Friday, May 1, 2009

...when the world ends...(part one)

I sit in the car outside of the gym, understanding that the end of my life and the world as I knew it was drawing ever closer. I prepared myself for it all. What would be the most memorable way to call a time of death? Should it be memorable like Virginia Woolf in The Hours? Will there be an afterlife? Will I go to Heaven or Hell?

My heartrate keeps dropping as I watch with a haunting gaze at the clock. It is five o’clock in the evening. Four more hours and it all ends…my heart will finally stop annoying me with its incessant beating. I have done everything to prevent the end of the world, but it’s out of my hands. I may wait in hope that there will arrive a cure; but with the arrival of yet another minute—five-oh-one—my heart gives up.

Forty-eight hours earlier…

Jesus once said that the world will know the signs of the End Times by “Labor Pains.” Tragedies that will occur that will only remind us that the end of the world is near. I got my first labor pain of the End on Friday, April 24th 2009.

DING! DING! My iPhone chimes as I am about to leave the break room and back to work. Text Message! Curious, I return to my phone to check out the text message I had received. I hit the home button and my phone came to life to reveal a number that I had not expected to read.

Jeff had texted me. I may have deleted his phone number, but it has been forever engraved into my head.

My heart dropped. I couldn’t believe the fucker had the nerve to write me on such a bad day to want to talk to me. I was already having a bad day with not only being called into work on my day off, but also to be dealing with complete idiots and their ridiculous drink orders. The fact that Jeff had the nerve to write me just drove me out of my mind with anger.

“I’m back!” the message heralded in all caps. So annoying. “I just added minutes on my phone! I have Monday and Tuesday off this week if you want to hang out.”

I simply did not have any time to deal with this at this time. I groaned as I angrily bit back. “Wow. You exist.” As I threw my phone back into my locker and back to work.

For the entire rest of the day, I was already fighting several emotions. I did not want nor expect to hear from Jeff again. Over the past month or two, he has abandoned me and left me to fight my own battles. Granted, it was something that I might have needed, but to have my best friend betray my trust, miss his birthday, and leave me in the dark was downright mean.
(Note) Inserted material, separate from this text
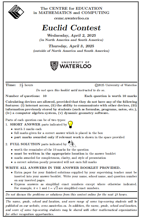 2025年欧几里得数学竞赛真题共10道题,150分钟,总分100分。分为简答题和全解题两种题型。

And unfortunately, I got over his immaturity of not wanting to talk to me and simply tried everything I could to move on.

Later that day, I texted him and told him that I was going to be off Monday. He told me that he was going to be hanging out with his former roommate in my town for the day and wanted to meet up with me then. I agreed.

Once I agreed to meet up with Jeff, I was overcome with anxiety. I had no idea what to expect, how I was going to react, or how to even approach him. I couldn’t really trust my body and my emotions at the moment. To be honest? I want to lunge at Jeff and sock him for abandoning me and going back on his promise he made to me. But at the same time, I wanted to have a decent conversation and try to let it slide.

Saturday and Sunday moved like sands escaping the broken hourglass that crashed on the floor. I became very reserved as I asked close friends and gay men for honest advice that can either relate or have talked to Jeff. Usually, I am the one person giving advice, but this time, I had to seek people wiser or more perceptive than I into resolving this situation. After much conversing with my friend. I had come up with a plan when Jeff calls to meet the next day.

Three A.M. I woke up. The sound of my snoring brother in the opposite corner of the room echoes into my ears. I shuffle around in bed praying for a quick arrival of another REM cycle. Then I felt my heart and realized what was going on. It was Monday morning and my heart was pounding like a bass speaker at a hip-hop club. My body is nervous. Although I didn’t feel nervous in my emotions, my body was reminding me that my instincts were not ready. After trying to distract my mind with fantasies of hot men or stories I am creating for my screenplays, my emotions were shook up too. Today is the arrival of Judgement Day in my Showdown with Jeff.